■ Goal of the exercise:
Every entry must appear in the answer exactly as written.
--
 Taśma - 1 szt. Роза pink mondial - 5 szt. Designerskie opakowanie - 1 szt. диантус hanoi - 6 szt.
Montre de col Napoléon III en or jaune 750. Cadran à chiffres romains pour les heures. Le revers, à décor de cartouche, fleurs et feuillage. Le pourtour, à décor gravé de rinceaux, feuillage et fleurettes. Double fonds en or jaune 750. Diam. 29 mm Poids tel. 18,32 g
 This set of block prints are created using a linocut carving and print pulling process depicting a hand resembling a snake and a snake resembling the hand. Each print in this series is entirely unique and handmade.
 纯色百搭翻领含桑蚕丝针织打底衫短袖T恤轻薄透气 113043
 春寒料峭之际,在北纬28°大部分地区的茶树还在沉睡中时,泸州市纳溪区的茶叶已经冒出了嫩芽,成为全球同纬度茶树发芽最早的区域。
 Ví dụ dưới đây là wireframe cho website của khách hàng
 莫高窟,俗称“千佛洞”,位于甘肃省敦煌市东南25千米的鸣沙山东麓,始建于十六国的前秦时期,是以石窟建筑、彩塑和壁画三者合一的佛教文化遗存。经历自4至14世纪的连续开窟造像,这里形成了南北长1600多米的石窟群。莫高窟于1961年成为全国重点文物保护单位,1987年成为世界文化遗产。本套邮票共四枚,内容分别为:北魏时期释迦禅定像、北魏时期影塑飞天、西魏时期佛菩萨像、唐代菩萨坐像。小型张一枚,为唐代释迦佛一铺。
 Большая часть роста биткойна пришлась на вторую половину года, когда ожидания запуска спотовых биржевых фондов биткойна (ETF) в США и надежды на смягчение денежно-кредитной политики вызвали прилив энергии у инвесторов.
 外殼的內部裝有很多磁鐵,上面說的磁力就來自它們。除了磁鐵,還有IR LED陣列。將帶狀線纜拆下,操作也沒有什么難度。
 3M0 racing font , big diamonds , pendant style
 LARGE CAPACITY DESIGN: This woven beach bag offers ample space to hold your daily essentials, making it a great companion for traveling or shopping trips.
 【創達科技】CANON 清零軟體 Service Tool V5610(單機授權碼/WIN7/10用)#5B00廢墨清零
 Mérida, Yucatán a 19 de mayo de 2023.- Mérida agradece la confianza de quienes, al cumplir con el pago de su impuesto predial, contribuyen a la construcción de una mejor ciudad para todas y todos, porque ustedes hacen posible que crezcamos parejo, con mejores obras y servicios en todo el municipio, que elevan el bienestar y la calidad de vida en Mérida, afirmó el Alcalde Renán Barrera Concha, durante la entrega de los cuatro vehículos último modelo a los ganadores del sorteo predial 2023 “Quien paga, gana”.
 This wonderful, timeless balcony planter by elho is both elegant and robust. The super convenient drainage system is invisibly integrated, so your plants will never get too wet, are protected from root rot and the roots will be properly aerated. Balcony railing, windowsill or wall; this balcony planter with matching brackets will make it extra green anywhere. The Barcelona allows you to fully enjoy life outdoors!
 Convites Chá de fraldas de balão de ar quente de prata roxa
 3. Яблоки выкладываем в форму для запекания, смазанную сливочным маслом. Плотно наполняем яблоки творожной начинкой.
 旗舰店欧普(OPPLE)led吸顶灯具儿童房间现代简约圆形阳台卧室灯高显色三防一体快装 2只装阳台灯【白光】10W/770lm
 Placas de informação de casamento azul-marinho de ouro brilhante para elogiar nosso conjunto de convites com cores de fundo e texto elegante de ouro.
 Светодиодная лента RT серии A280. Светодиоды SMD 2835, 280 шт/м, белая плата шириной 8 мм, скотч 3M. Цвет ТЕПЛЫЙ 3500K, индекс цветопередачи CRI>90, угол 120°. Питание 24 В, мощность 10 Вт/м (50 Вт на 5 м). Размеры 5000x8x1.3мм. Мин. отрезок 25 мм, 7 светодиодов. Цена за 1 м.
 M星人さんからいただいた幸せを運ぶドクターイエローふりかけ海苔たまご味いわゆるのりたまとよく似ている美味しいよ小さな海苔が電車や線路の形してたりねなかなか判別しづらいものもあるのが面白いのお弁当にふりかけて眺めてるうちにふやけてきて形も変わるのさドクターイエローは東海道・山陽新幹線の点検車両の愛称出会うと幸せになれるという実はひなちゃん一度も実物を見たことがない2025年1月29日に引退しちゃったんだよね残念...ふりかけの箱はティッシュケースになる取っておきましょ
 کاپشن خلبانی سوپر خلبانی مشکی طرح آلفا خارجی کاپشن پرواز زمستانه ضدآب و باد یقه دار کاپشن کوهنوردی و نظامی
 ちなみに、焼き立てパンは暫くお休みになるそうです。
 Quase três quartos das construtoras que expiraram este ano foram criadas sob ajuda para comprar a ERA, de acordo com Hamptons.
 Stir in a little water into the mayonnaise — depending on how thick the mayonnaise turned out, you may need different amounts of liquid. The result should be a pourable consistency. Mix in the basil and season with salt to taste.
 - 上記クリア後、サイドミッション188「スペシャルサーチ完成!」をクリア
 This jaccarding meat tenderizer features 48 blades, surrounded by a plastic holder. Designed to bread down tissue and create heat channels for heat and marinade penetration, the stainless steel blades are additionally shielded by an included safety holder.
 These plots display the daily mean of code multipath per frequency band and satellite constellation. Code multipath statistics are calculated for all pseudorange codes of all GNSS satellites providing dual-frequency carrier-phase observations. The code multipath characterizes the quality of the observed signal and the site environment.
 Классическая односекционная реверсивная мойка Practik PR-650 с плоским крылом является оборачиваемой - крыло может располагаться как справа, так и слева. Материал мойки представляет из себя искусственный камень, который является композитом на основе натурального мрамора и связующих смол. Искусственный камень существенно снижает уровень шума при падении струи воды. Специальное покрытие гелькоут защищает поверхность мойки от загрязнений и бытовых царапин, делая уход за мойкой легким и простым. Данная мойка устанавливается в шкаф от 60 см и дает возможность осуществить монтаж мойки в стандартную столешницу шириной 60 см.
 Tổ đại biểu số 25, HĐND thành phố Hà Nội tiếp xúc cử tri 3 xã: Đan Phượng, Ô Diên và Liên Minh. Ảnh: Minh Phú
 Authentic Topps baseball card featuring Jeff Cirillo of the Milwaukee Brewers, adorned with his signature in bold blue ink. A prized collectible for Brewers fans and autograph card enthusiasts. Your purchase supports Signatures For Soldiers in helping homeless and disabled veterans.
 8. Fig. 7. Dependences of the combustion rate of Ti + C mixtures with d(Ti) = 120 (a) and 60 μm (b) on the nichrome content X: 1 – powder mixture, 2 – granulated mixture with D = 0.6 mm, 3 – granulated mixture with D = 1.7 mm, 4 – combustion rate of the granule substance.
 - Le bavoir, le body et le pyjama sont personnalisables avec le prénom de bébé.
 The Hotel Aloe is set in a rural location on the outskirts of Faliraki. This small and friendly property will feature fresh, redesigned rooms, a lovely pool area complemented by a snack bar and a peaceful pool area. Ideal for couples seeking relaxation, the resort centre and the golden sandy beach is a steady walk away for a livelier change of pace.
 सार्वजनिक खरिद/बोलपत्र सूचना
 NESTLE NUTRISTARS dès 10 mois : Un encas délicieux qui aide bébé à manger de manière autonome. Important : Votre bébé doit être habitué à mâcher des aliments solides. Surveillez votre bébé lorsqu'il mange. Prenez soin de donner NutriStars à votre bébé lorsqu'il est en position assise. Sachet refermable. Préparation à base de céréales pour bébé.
--
■ Task result:
 Taśma - 1 szt. Роза pink mondial - 5 szt. Designerskie opakowanie - 1 szt. диантус hanoi - 6 szt.
Montre de col Napoléon III en or jaune 750. Cadran à chiffres romains pour les heures. Le revers, à décor de cartouche, fleurs et feuillage. Le pourtour, à décor gravé de rinceaux, feuillage et fleurettes. Double fonds en or jaune 750. Diam. 29 mm Poids tel. 18,32 g
 This set of block prints are created using a linocut carving and print pulling process depicting a hand resembling a snake and a snake resembling the hand. Each print in this series is entirely unique and handmade.
 纯色百搭翻领含桑蚕丝针织打底衫短袖T恤轻薄透气 113043
 春寒料峭之际,在北纬28°大部分地区的茶树还在沉睡中时,泸州市纳溪区的茶叶已经冒出了嫩芽,成为全球同纬度茶树发芽最早的区域。
 Ví dụ dưới đây là wireframe cho website của khách hàng
 莫高窟,俗称“千佛洞”,位于甘肃省敦煌市东南25千米的鸣沙山东麓,始建于十六国的前秦时期,是以石窟建筑、彩塑和壁画三者合一的佛教文化遗存。经历自4至14世纪的连续开窟造像,这里形成了南北长1600多米的石窟群。莫高窟于1961年成为全国重点文物保护单位,1987年成为世界文化遗产。本套邮票共四枚,内容分别为:北魏时期释迦禅定像、北魏时期影塑飞天、西魏时期佛菩萨像、唐代菩萨坐像。小型张一枚,为唐代释迦佛一铺。
 Большая часть роста биткойна пришлась на вторую половину года, когда ожидания запуска спотовых биржевых фондов биткойна (ETF) в США и надежды на смягчение денежно-кредитной политики вызвали прилив энергии у инвесторов.
 外殼的內部裝有很多磁鐵,上面說的磁力就來自它們。除了磁鐵,還有IR LED陣列。將帶狀線纜拆下,操作也沒有什么難度。
 3M0 racing font , big diamonds , pendant style
 LARGE CAPACITY DESIGN: This woven beach bag offers ample space to hold your daily essentials, making it a great companion for traveling or shopping trips.
 【創達科技】CANON 清零軟體 Service Tool V5610(單機授權碼/WIN7/10用)#5B00廢墨清零
 Mérida, Yucatán a 19 de mayo de 2023.- Mérida agradece la confianza de quienes, al cumplir con el pago de su impuesto predial, contribuyen a la construcción de una mejor ciudad para todas y todos, porque ustedes hacen posible que crezcamos parejo, con mejores obras y servicios en todo el municipio, que elevan el bienestar y la calidad de vida en Mérida, afirmó el Alcalde Renán Barrera Concha, durante la entrega de los cuatro vehículos último modelo a los ganadores del sorteo predial 2023 “Quien paga, gana”.
 This wonderful, timeless balcony planter by elho is both elegant and robust. The super convenient drainage system is invisibly integrated, so your plants will never get too wet, are protected from root rot and the roots will be properly aerated. Balcony railing, windowsill or wall; this balcony planter with matching brackets will make it extra green anywhere. The Barcelona allows you to fully enjoy life outdoors!
 Convites Chá de fraldas de balão de ar quente de prata roxa
 3. Яблоки выкладываем в форму для запекания, смазанную сливочным маслом. Плотно наполняем яблоки творожной начинкой.
 旗舰店欧普(OPPLE)led吸顶灯具儿童房间现代简约圆形阳台卧室灯高显色三防一体快装 2只装阳台灯【白光】10W/770lm
 Placas de informação de casamento azul-marinho de ouro brilhante para elogiar nosso conjunto de convites com cores de fundo e texto elegante de ouro.
 Светодиодная лента RT серии A280. Светодиоды SMD 2835, 280 шт/м, белая плата шириной 8 мм, скотч 3M. Цвет ТЕПЛЫЙ 3500K, индекс цветопередачи CRI>90, угол 120°. Питание 24 В, мощность 10 Вт/м (50 Вт на 5 м). Размеры 5000x8x1.3мм. Мин. отрезок 25 мм, 7 светодиодов. Цена за 1 м.
 M星人さんからいただいた幸せを運ぶドクターイエローふりかけ海苔たまご味いわゆるのりたまとよく似ている美味しいよ小さな海苔が電車や線路の形してたりねなかなか判別しづらいものもあるのが面白いのお弁当にふりかけて眺めてるうちにふやけてきて形も変わるのさドクターイエローは東海道・山陽新幹線の点検車両の愛称出会うと幸せになれるという実はひなちゃん一度も実物を見たことがない2025年1月29日に引退しちゃったんだよね残念...ふりかけの箱はティッシュケースになる取っておきましょ
 کاپشن خلبانی سوپر خلبانی مشکی طرح آلفا خارجی کاپشن پرواز زمستانه ضدآب و باد یقه دار کاپشن کوهنوردی و نظامی
 ちなみに、焼き立てパンは暫くお休みになるそうです。
 Quase três quartos das construtoras que expiraram este ano foram criadas sob ajuda para comprar a ERA, de acordo com Hamptons.
 Stir in a little water into the mayonnaise — depending on how thick the mayonnaise turned out, you may need different amounts of liquid. The result should be a pourable consistency. Mix in the basil and season with salt to taste.
 - 上記クリア後、サイドミッション188「スペシャルサーチ完成!」をクリア
 This jaccarding meat tenderizer features 48 blades, surrounded by a plastic holder. Designed to bread down tissue and create heat channels for heat and marinade penetration, the stainless steel blades are additionally shielded by an included safety holder.
 These plots display the daily mean of code multipath per frequency band and satellite constellation. Code multipath statistics are calculated for all pseudorange codes of all GNSS satellites providing dual-frequency carrier-phase observations. The code multipath characterizes the quality of the observed signal and the site environment.
 Классическая односекционная реверсивная мойка Practik PR-650 с плоским крылом является оборачиваемой - крыло может располагаться как справа, так и слева. Материал мойки представляет из себя искусственный камень, который является композитом на основе натурального мрамора и связующих смол. Искусственный камень существенно снижает уровень шума при падении струи воды. Специальное покрытие гелькоут защищает поверхность мойки от загрязнений и бытовых царапин, делая уход за мойкой легким и простым. Данная мойка устанавливается в шкаф от 60 см и дает возможность осуществить монтаж мойки в стандартную столешницу шириной 60 см.
 Tổ đại biểu số 25, HĐND thành phố Hà Nội tiếp xúc cử tri 3 xã: Đan Phượng, Ô Diên và Liên Minh. Ảnh: Minh Phú
 Authentic Topps baseball card featuring Jeff Cirillo of the Milwaukee Brewers, adorned with his signature in bold blue ink. A prized collectible for Brewers fans and autograph card enthusiasts. Your purchase supports Signatures For Soldiers in helping homeless and disabled veterans.
 8. Fig. 7. Dependences of the combustion rate of Ti + C mixtures with d(Ti) = 120 (a) and 60 μm (b) on the nichrome content X: 1 – powder mixture, 2 – granulated mixture with D = 0.6 mm, 3 – granulated mixture with D = 1.7 mm, 4 – combustion rate of the granule substance.
 - Le bavoir, le body et le pyjama sont personnalisables avec le prénom de bébé.
 The Hotel Aloe is set in a rural location on the outskirts of Faliraki. This small and friendly property will feature fresh, redesigned rooms, a lovely pool area complemented by a snack bar and a peaceful pool area. Ideal for couples seeking relaxation, the resort centre and the golden sandy beach is a steady walk away for a livelier change of pace.
 सार्वजनिक खरिद/बोलपत्र सूचना
 NESTLE NUTRISTARS dès 10 mois : Un encas délicieux qui aide bébé à manger de manière autonome. Important : Votre bébé doit être habitué à mâcher des aliments solides. Surveillez votre bébé lorsqu'il mange. Prenez soin de donner NutriStars à votre bébé lorsqu'il est en position assise. Sachet refermable. Préparation à base de céréales pour bébé.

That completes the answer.